## Activity
Set down, word for word, every line of the material below from the one containing "Villa Sepoi Sepoi" through the one containing "InoxAir sind Spezialisten", but none of its pictures.

## Supplied records
***

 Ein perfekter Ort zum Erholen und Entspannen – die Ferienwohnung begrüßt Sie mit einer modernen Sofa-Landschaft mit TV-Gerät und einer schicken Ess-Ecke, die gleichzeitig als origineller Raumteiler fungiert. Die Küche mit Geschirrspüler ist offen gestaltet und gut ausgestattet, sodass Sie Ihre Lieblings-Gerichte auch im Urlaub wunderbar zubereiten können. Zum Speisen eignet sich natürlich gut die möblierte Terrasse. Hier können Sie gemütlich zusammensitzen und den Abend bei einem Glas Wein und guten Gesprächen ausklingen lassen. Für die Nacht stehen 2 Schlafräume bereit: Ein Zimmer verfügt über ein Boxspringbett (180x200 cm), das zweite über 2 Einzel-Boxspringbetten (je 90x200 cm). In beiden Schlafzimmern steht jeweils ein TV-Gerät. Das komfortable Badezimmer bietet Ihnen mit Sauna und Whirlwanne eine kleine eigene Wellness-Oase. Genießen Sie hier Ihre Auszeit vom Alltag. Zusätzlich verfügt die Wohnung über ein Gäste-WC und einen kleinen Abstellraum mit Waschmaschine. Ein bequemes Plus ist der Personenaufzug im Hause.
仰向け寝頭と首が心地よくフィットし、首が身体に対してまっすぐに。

***

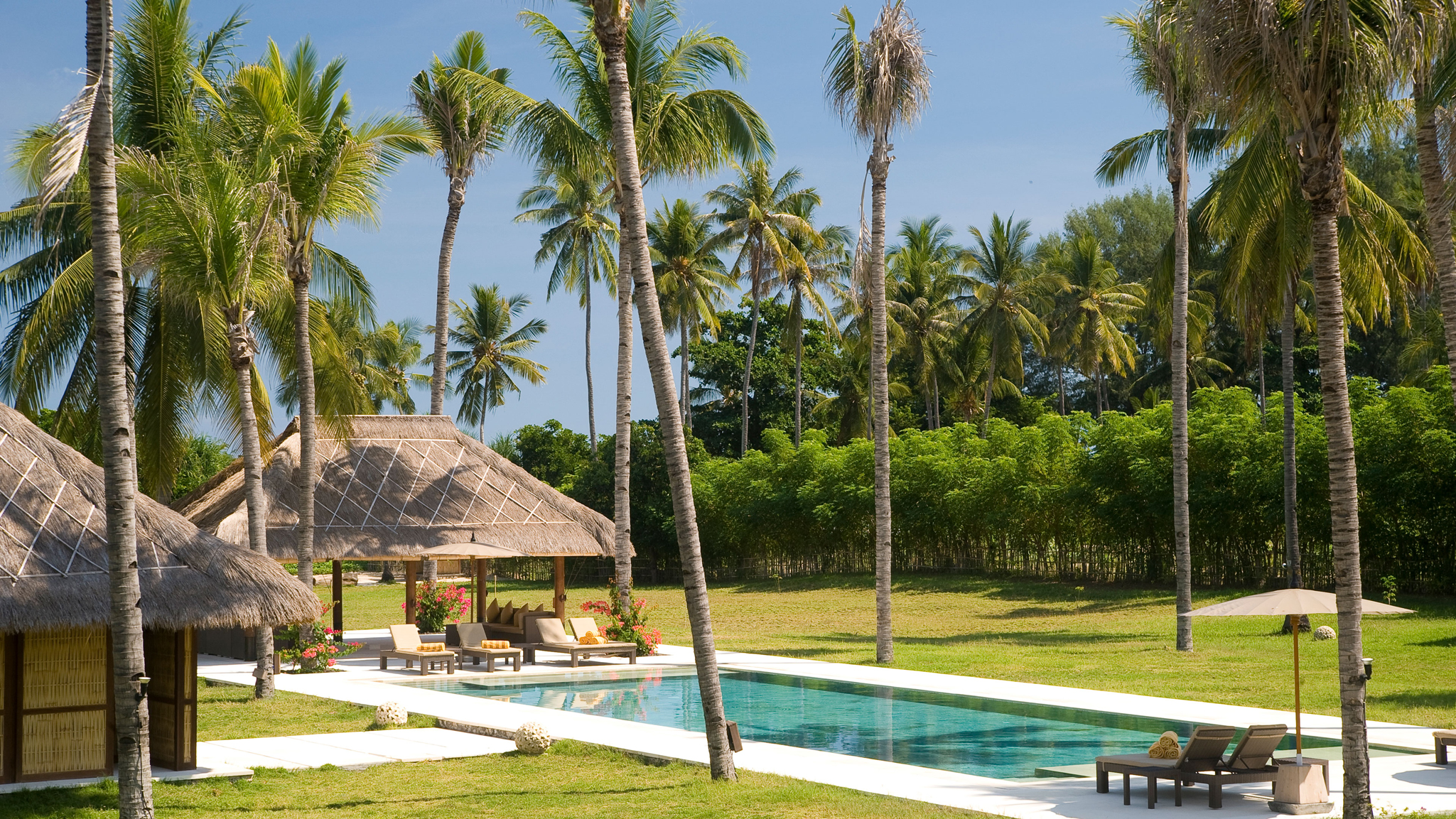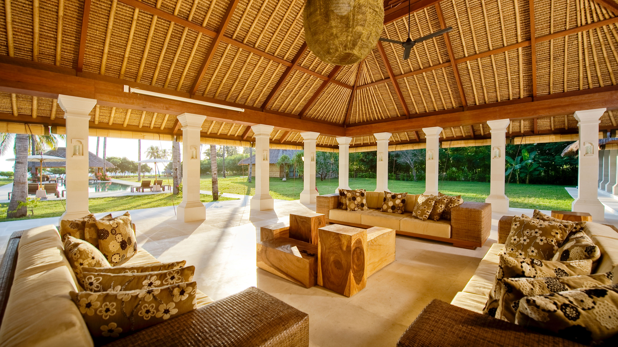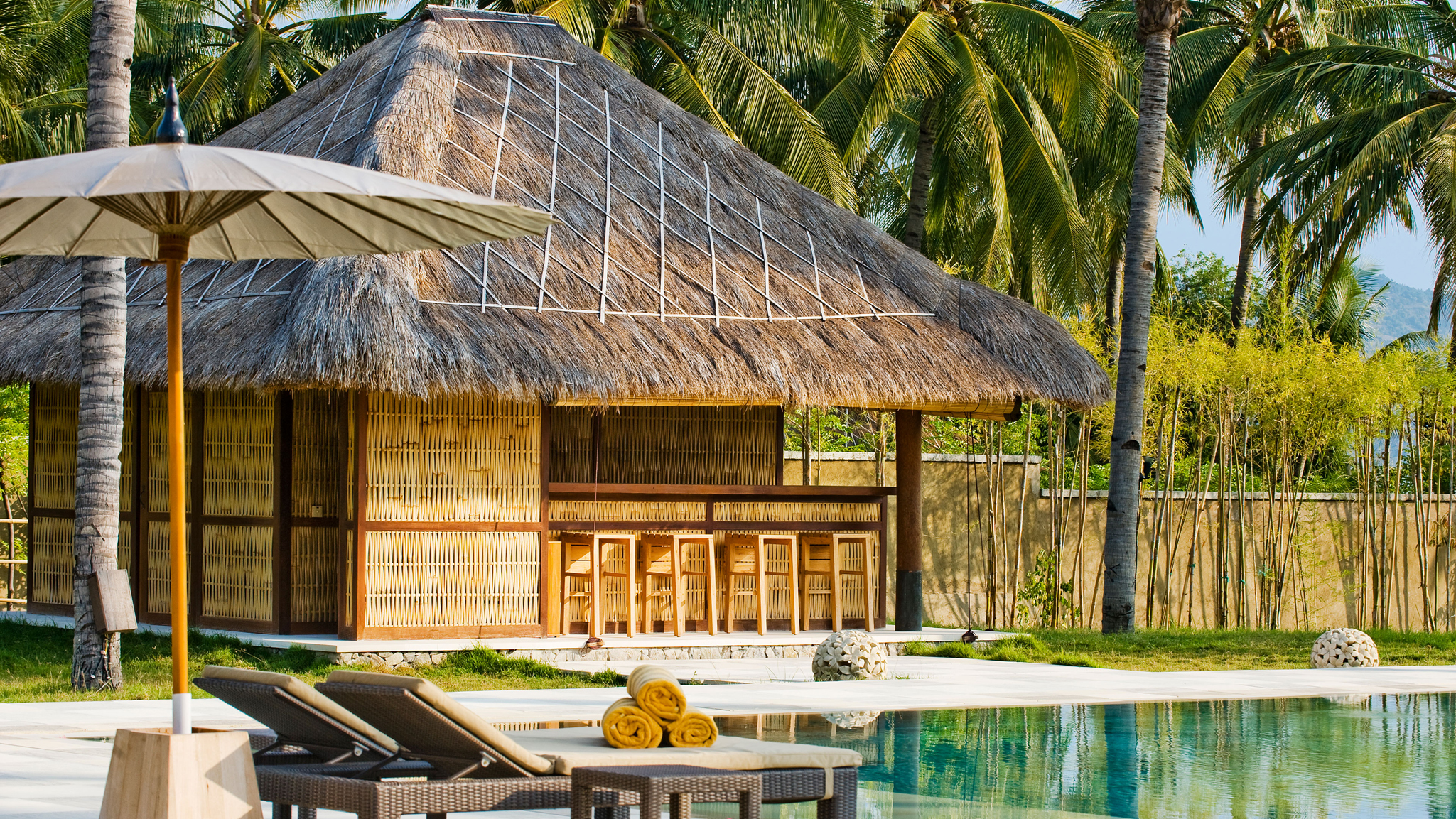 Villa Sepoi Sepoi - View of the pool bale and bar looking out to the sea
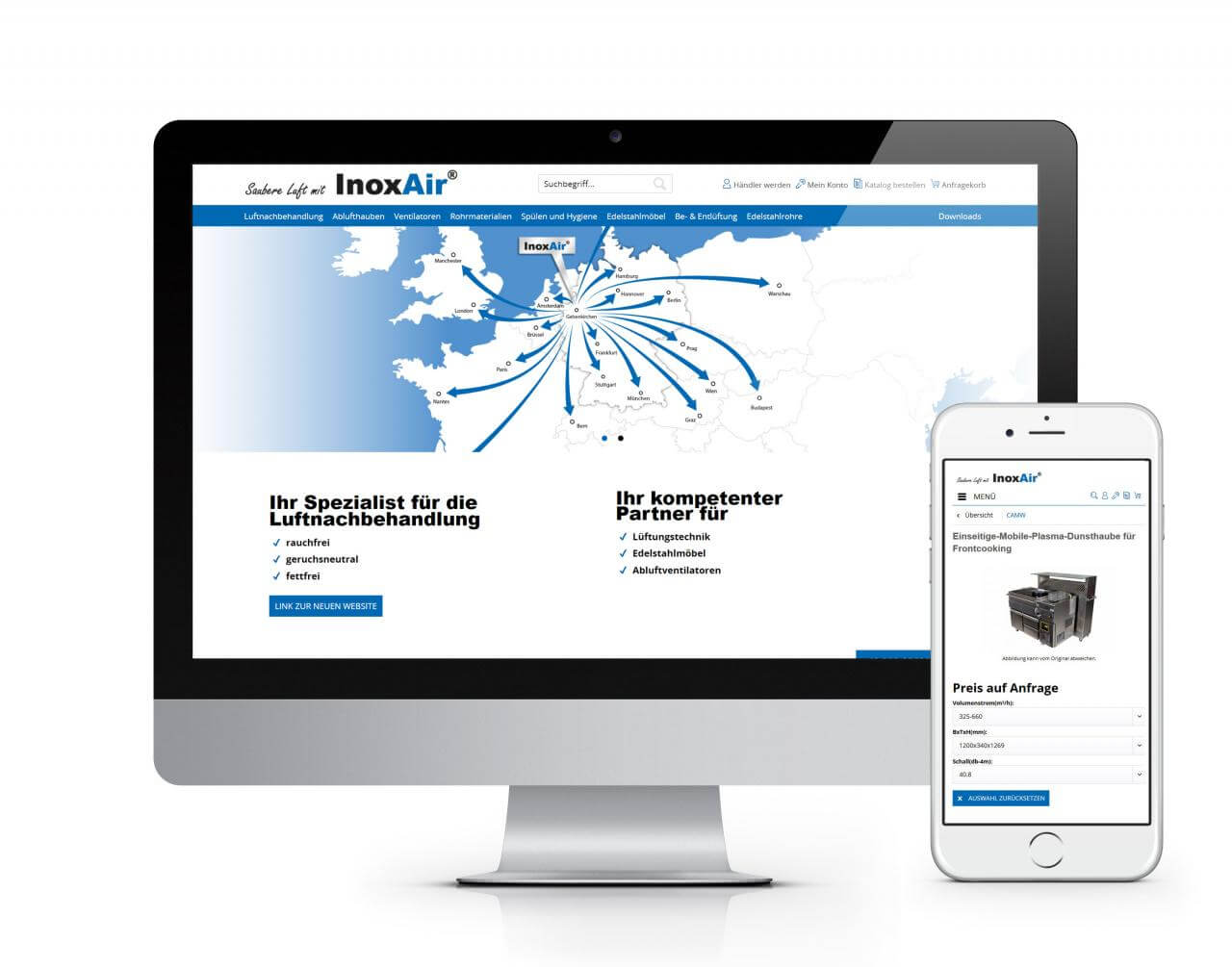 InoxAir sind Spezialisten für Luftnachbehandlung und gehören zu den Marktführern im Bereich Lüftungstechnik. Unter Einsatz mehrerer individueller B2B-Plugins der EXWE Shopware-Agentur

***

## Output
 Villa Sepoi Sepoi - View of the pool bale and bar looking out to the sea
 InoxAir sind Spezialisten für Luftnachbehandlung und gehören zu den Marktführern im Bereich Lüftungstechnik. Unter Einsatz mehrerer individueller B2B-Plugins der EXWE Shopware-Agentur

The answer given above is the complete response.